#  > 【月之花海】獸迷、毛毛、Furry討論區 >  > 幻想森林 >  > [資料] 九尾狐

## 妖狐玄玉

八度真是太棒了,把資料放在一起比我在yahoo找資料還方便,唯一不爽的就只是
動漫方面的資料較少.......
-----------------------------------------------------------
　　九尾妖狐【簡介】
　　〖九尾狐，中國古代傳說中的奇獸。傳說中,九尾狐乃四腳怪獸，通體上下長有火紅色的絨毛。善變化，蠱惑。幸喜吃人，常用其嬰兒哭泣聲引人來探也。〗　
　　九尾狐出，乃世將大亂之象。
　　【傳說】 
　　白狐之一夜情緣----兼論東夷人的狐仙情節
　　在山東省日照市東港區濤雒鎮南2公裏處的天台山中有一山谷叫女巫谷，谷中流水潺潺，山岩蒼蒼，林木茂密，花香鳥語。在女巫谷的中部有一座積石冢，石上長著厚厚的青苔，鄉人稱之爲女巫墓。女巫墓的下方有一斜躺著的岩石，岩石上有甲骨文石刻，經過千百年的風化，更顯得古老蒼桑。甲骨文被翻譯成現代文字如下：
　　女巫之歌
　　女巫魂兮，靈遊林兮； 守我家兮，老祖屍兮。
　　萬年睡兮，帝俊生兮； 子炅鸷兮，祖羲和兮。
　　行人安兮，神賜福兮。
　　譯成今文如下：
　　我是陰魂未散的女巫，象幽靈在密林中漫步；
　　守衛著昔日的家園，看護著先祖的屍骨。
　　我是沈睡萬年的女巫，出生在帝俊的國度；
　　太昊少昊是我的晚輩，羲和女神是我的祖母。
　　好心的路人放慢腳步，你會得到神靈的祝福。
　　在天台山周邊的村莊裏，有著許多有關女巫谷，女巫墓和九尾狐的傳說。更有如下文字記載：
　　<< 女巫谷奇遇記>>(東海居士）
　　惟扶桑山中，曰女巫之谷有女巫之墓，在東海一隅。每每月落星稀之日，雞不鳴狗不叫之時，可聞谷中聲響：時而人聲鼎沸如鬧市；時而勞作之聲不絕於耳；時而八音之樂悠悠；時而歌舞之聲綿綿。鄉人莫敢近者也。有好事者男，於夜深人靜之時往而窺之。
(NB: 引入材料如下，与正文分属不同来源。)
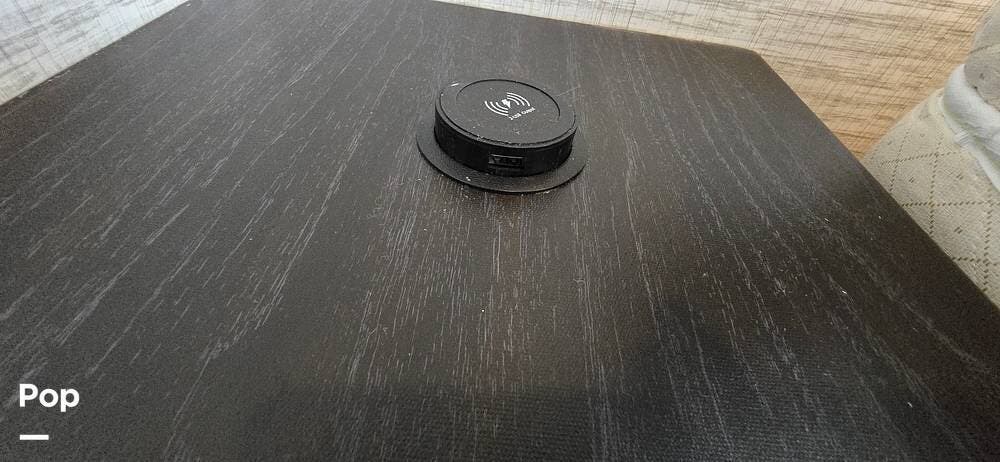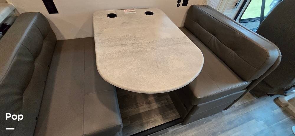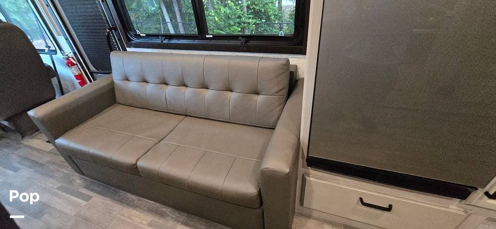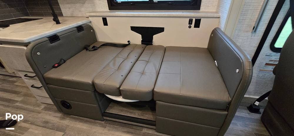 Opposite the booth dinette is a jackknife sofa, which provides a cozy spot to enjoy a movie or your favorite event.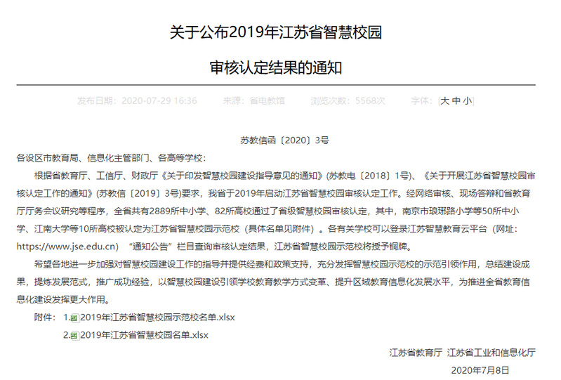 近日,江苏省教育厅、江苏省工业和信息化厅公布了2019年江苏省智慧校园审核认定结果,纽约国际官网成为江苏省首批高校智慧校园。

遇一年輕女子，披發長裙，相貌清麗。隨女子拾階而上，但見古木參天，野花遍地；路人衣著簡樸，舉止有禮。谷頂有女子芝蘭之室，曰：神巫雅居。神巫者，氏族部落首領也。遂生情緣。說不盡柔情脈脈，訴不完愛意綿綿，自有族人殷勤服侍。然玉雞一唱東方漸白，女巫戀戀不舍，乃輕歌一曲曰：“上邪，我欲與君相知，長命無絕衰。山無陵，江水爲竭；冬雷震震，夏雨雪，天地合，乃敢與君絕”，又指天爲誓，情定三生方去。男子醒來不見部落與女巫，惟見谷中積石一堆，又見
　　石上詩文，方知是女巫之墓，遂自殉於墓石之下，一點靈犀追隨女巫而去。有道是：問世間究竟情爲何物，直教人如此生死相許？乃記。
　　另一姊妹篇以“白狐”爲題：
　　<<白狐>>(東海居士）
　　惟扶桑山中，曰女巫之谷，有生死輪回之所，在東海一隅。有女巫之魂，或晝啼夜哭，或暗中獨舞。老母責之，巫魂對曰：前世癡男以命相許，欲報不能，已千年矣，癡石猶在，不見癡男，是悲也。老母曰：爾乃九尾白狐轉世，被癡男相救，故有一夜情緣。緣修三世方能同船共渡，情定三生乃得白頭諧老。爾等緣未到，情難續也。巫魂苦求。老母曰：遂爾一願。然癡男已飲忘情水，前情盡棄也，奈何？巫魂曰：但得一聚，心願足矣。是時癡男乃寒窗苦讀一書生，女巫遂化白衣女子前去服侍。備三餐於茅舍，漿衣衫於小溪，磨香墨於書齋，頌詩文於草堂，迎晨曦歌清曲，沐月光而起舞。然書生門第之見，功名心切，全不爲子愛意所動。是年大考，書生一舉奪魁，金榜題名。又雙喜臨門，被招爲驸馬，擇日完婚。洞房花燭之夜白衣女子不期而至，言前世曾受書生恩惠，願爲君獻舞。書生欣然應之。女子深深稽首，禮罷長袖起舞。月光如水，白衣似雪，長發飄飄，如夢如幻。又歌曰：“幽幽女巫，獨處深谷。癡情男子，夜訪雅居。情定三生，海誓山盟。雄雞一唱，頓作虛無。千年等待，萬年孤獨。今世一聚，奴心已足。衣袂飄飄，只爲君舞。今與君訣，靈山卻敘”。舞到深處淒然倒地，化作清風而去。書生大異之，似有所悟然終難記起。有道是：緣是山中高士晶瑩雪，世外仙姝寂寞林；緣是衆裏尋她千百度，那人卻在燈火闌珊處；緣是無可奈何花落去，似曾相識燕歸來；緣是悲歡離合總無情，一任窗前點滴到天明。乃記。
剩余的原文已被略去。